Today I can almost feel those warm country evenings. My grandmother would always let me lay near the window. As I lay there, the warm breezes blew across my face, and I watched the thousands of bright stars glittering in the black sky. Sometimes during the day, my aunt would take me fishing in Turkey Creek. If I happen to be lucky enough to arrive on the farm before harvest, I would get to help my aunt prepare meals for the harvest crew. Harvest time was such an exciting time! Sometimes my aunt would go to town and stop at the icehouse. I would get so excited because I knew that we were going to have homemade ice-cream that evening. Those are some good memories that I have tucked away in my mind.

During my high school years, my half sister would sneak me into the Officers’ Club with her. I started smoking and drinking. I began living a very wicked life and tried to find acceptance any place I could. My mother worked until 11:00 p.m. Many nights, I remember driving home drunk, jumping into bed, and pretending to be asleep so that I my mother wouldn’t discover that I had been drinking. Everyday I lived with guilt and shame, but I excused myself because of my parents’ miserable relationship.

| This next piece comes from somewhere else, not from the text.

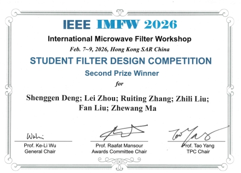 近日,国际微波滤波器研讨会(IEEE International Microwave Filter Workshop 2026,下文简称IEEE IMFW 2026)在中国香港落幕。本次研讨会设有主旨报告、特邀讲座、产业论坛及国际滤波器设计大赛等多个环节。物电学院研究生团队在指导老师刘凡的带领下,与来自全球高校和科研机构的20余支高水平队伍同台竞技,在国际滤波器设计大赛中夺得亚军。
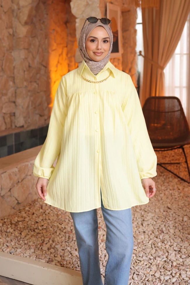 * Ürün Detay : Gömlek, özellikle bahar ve yaz ayları için ideal olan, oldukça ferah ve dinamik bir parça.Gömleğin boyuna çizgili, kendinden dokulu yapısı elbiseye derinlik katıyor. Göğüs altından başlayan hafif büzgü ve piliseler, gömleğe bohem ve rahat bir hava vermiş.Rahat ve dökümlü kesimi sayesinde gün boyu konfor sunarken, vücut hatlarını belli etmeyen yapısıyla muhafazakar bir şıklık sağlıyor.Klasik gömlek yakası, kollarındaki lastikli manşetler ile dengelenmiş.

One day my sister came home and began witnessing to me. She had just received Christ, and was very excited about the Lord. I didn’t want her to bother me with that religious stuff. One night, after she had witnessed to me, I had a dream. It was about Jesus coming to earth. When I woke up, my heart was racing, and I was very frightened. Although I didn’t understand the dream at that time, I never forgot it.

In my last year of high school, my half brother and his wife invited me to church. It was more like badgered me. “Okay”—thinking to myself—“I will go this one time and this should get them off my back.” I went to church with them that next Sunday morning. As I listened to the preaching, I got under deep conviction. During the invitation, I held tight to the pew in front of me. I wasn’t about to step out and be embarrassed. All of a sudden, a man tapped me on the shoulder and said, “Honey, if you would like to go forward, my wife will go with you.” That was all that I needed. I stepped out and walked down to the altar with her. I don’t remember much about that day except crying and begging God to forgive me of my wickedness. I left that church feeling clean. I drove to my boyfriend’s house and told him what had happened to me.

A few weeks later, he was saved and we were married. After we were married, we moved to another state. I will never forget the first time we realized that we could do anything we wanted to do with no parents to look over our shoulders–we were of age. We went to a bar and sat down to order some drinks, but we couldn’t drink! No one had preached to us and told us that we couldn’t drink, but something in our hearts told us that we shouldn’t be here doing this. We got up and walked out.

We soon got into church and began serving the Lord. After about five years, my husband came home and told me that he thought that the Lord was calling him into the ministry. I got my suitcase out and said, “When you get that foolish notion out of your head, call me.” Within few months, God began to work in my heart, and I surrendered to His will.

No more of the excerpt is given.